→ Dataset extract:
*** Begin section ***

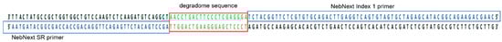 Sanger sequencing was performed on the fragments containing the integrated degradome library. The sequences obtained confirmed the correct binding of all adapters to the fragment obtained after restriction with the enzyme Mme I (Figure 4).
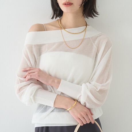 デコルテを美しく見せるシルエットが、女性らしい抜け感を演出します。
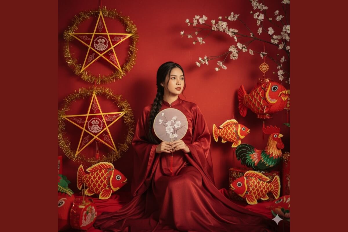 Concept người đẹp với váy đỏ truyền thống, tay cầm quạt trắng, tạo dáng giữa hàng loạt đèn lồng, đèn ông sao và đạo cụ dân gian. Hình ảnh vừa cổ điển vừa hiện đại, mang đậm bản sắc văn hóa Việt.
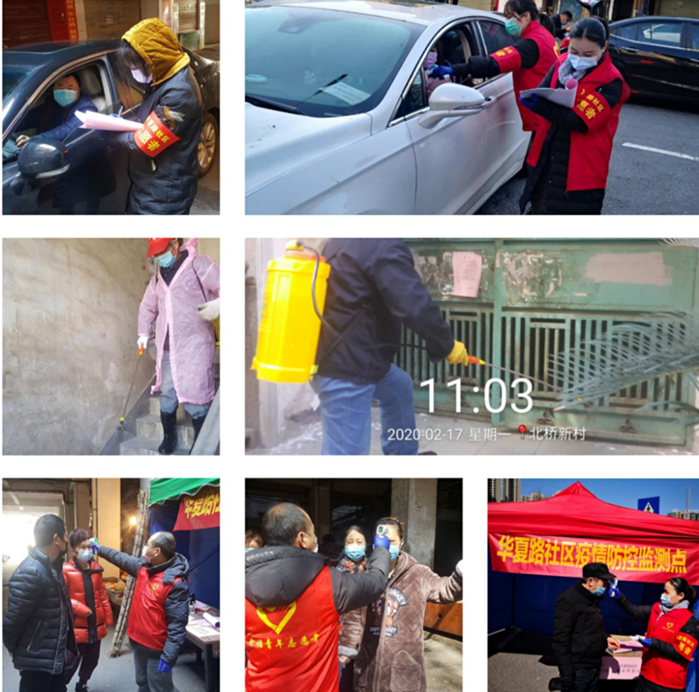 (测温、登记、消杀、复工复产……2020年防疫期间,防疫志愿者的加入为打赢疫情防控战贡献了重要力量。图片来源:新河街道办事处)

*** End section ***

→ What to do: Starting with the first line of the material, print each line exactly until you have printed the line with "デコルテを美しく見せるシルエットが、女性らしい抜け感を演出します。", and skip the pictures.

→ Result below:
 Sanger sequencing was performed on the fragments containing the integrated degradome library. The sequences obtained confirmed the correct binding of all adapters to the fragment obtained after restriction with the enzyme Mme I (Figure 4).
 デコルテを美しく見せるシルエットが、女性らしい抜け感を演出します。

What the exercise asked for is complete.